As we fly into Bluefields, Nicaragua – we are greeted by a thunderstorm ….. low clouds and gusting winds. I find myself hugged in my seat in the small Caravan watching the pilot lining himself up with the runway.
Bluefields is connected with the presence on the Nicaraguan Caribbean coast of many pirates, subjects of powers at the time hostile to Spain. These pirates used the Escondido River to rest, to repair damages and to be provisioned.
But when you are in Bluefields you get the idea it should be paradise, because it sits in a very strategic position along Nicaragua’s Caribbean coast.
But as history unfolded, Bluefields became a forgotten city, cut off from the rest of the country by a vast jungle and different culture. As you walk its main street, you feel a struggle: Utility cables crisscross the streets, framing buildings, making them look like they’re sagging under the weight of history. It rains so much that when paint peels off a piece of concrete, it doesn’t take long for moss to set in. And no matter where you are, you’re hit by the stench of open sewers.
Eight out of 10 people in this city are unemployed, yet there are stores everywhere and business seems good.
I speak to a storekeeper who’s hanging out on a wooden cart who lazily in his Caribbean accent says – “this place depends fully on the the drug trade ….. and it’s fearful voodoo witches.” He laughs.
“It’s no secret. Everybody knows that,” he says in English. “The big businesses from here, if there are no drugs around, they cannot sell their articles. So when you see things are good, that means drugs are around.” It is with this backdrop where Harvesters finds itself. Churches in the area shows signs of ageing ….. evangelism, discipleship and church planting has become ancient terms. Meeting with older churches in the area confirms the fact that they are trying their best with the little they have.

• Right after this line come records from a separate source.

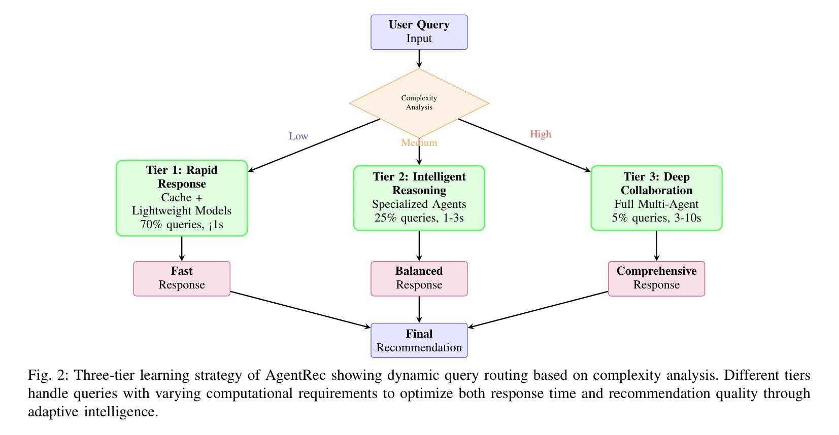 - AgentRec采用三层学习策略,以提高处理效率并应对不同复杂度的查询和场景。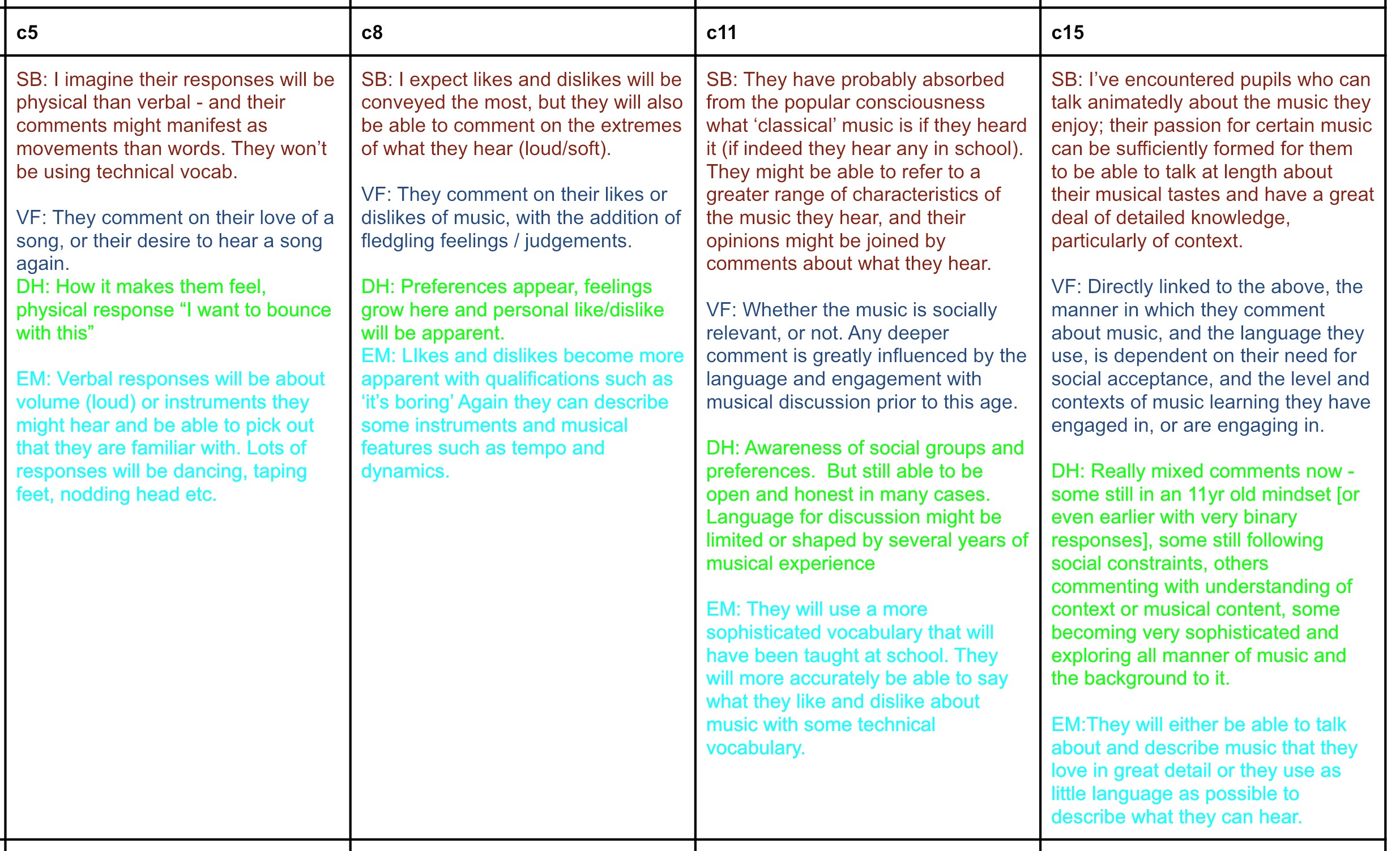How does musical knowledge develop? For the ages below what is your intuitive sense of how musical knowledge, learning and engagement will manifest in young people?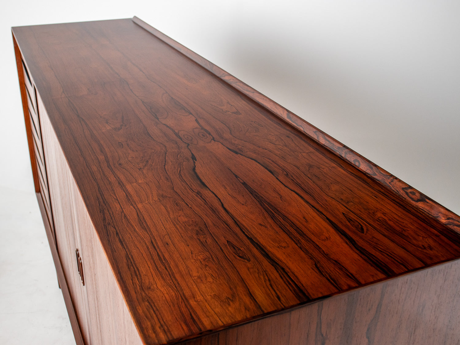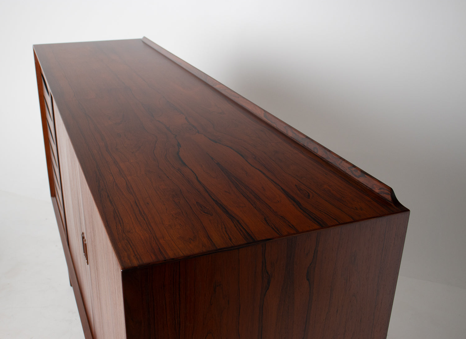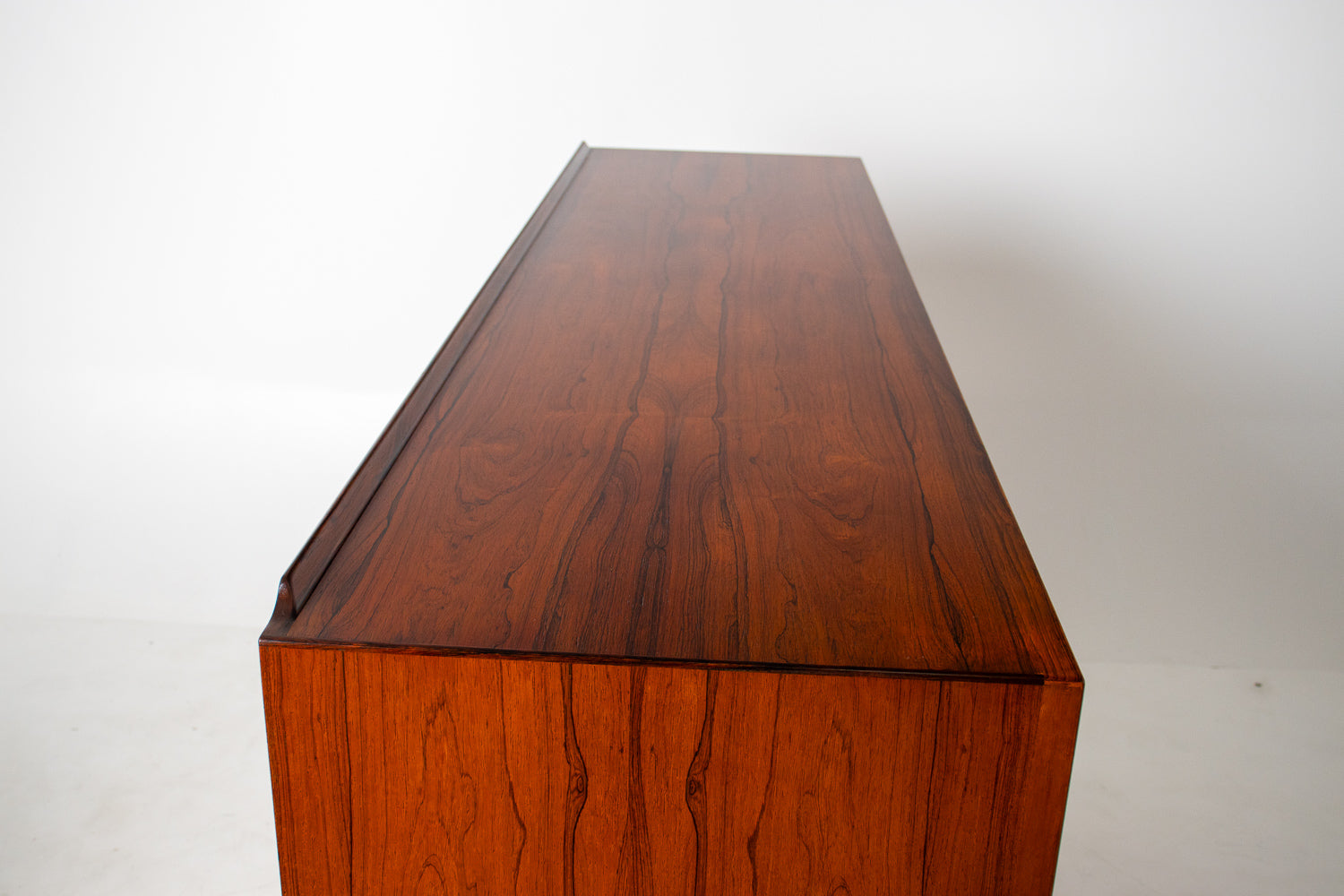 A rare and striking example of Arne Vodder’s celebrated cabinet designs, this credenza showcases his distinctive sculptural drawer fronts in a highly sought-after rosewood variant. Most known versions were produced in teak; finding one in richly figured Brazilian rosewood places this piece in a far more scarce tier of Vodder’s work. The wood grain displays deep warmth and a beautiful natural chatoyance, contrasted by the joyful interiors of the drawers in alternating blue and white.

We were invited by several pastors to help plant churches in the area. “But …..”, a pastor looked at me carefully … “we have an island close by – people are poor, starving, no one goes there not even missionaries anymore. Are you ready to plant a church there?” We decided to take the trip in a small fishing boat. Big waves formed on the river as yet another storm approached. Reaching the island wasn’t difficult – but we were dumbstruck as we reached the ‘forgotten people’ on ‘forgotten island’.
A Pastor visited the island 7 years ago – marrying a couple. Since then there has been no preaching or anyone accepting Christ. No functional church. Only poverty – survival of the fittest was what people believed in. No one cared anymore. There was no hope left that any Good News could come to the island. After much prayer and a nudge from the Holy Spirit we decided that the island and Bluefields were the perfect spot to bring the Good News of the Gospel. Sharing Christ and speaking to many natives of the area – many shared their sad smiles. One old lady took my arm and whispered in a soft cracking Spanish voice:
“Necesitamos a Dios … ¡ayúdanos!”.
I understood just enough Spanish to realize what she was saying: ‘We need God, help us!’ Harvesters has committed themselves to plant churches through evangelism and discipleship. Nicaragua is a very difficult country to work in due to its past – it has been in war for the last 100 years. Bluefields, like so many areas are fighting poverty, violence, gangs, drugs and voodoo religions that grips people with fear. We know that it is only through Jesus Christ that the bondage of sin can be broken. We have set up a good structure in Bluefields and other areas in Nicaragua eg. Limon, Rosita and the capital city Managua where we are actively planting churches. The strategy has always been very clear – reach people with the Good News of Jesus Christ – make disciples and plant a strong foundational church. And the words of Mathew 28:20 comforts us when Jesus says: “And I will be with you.”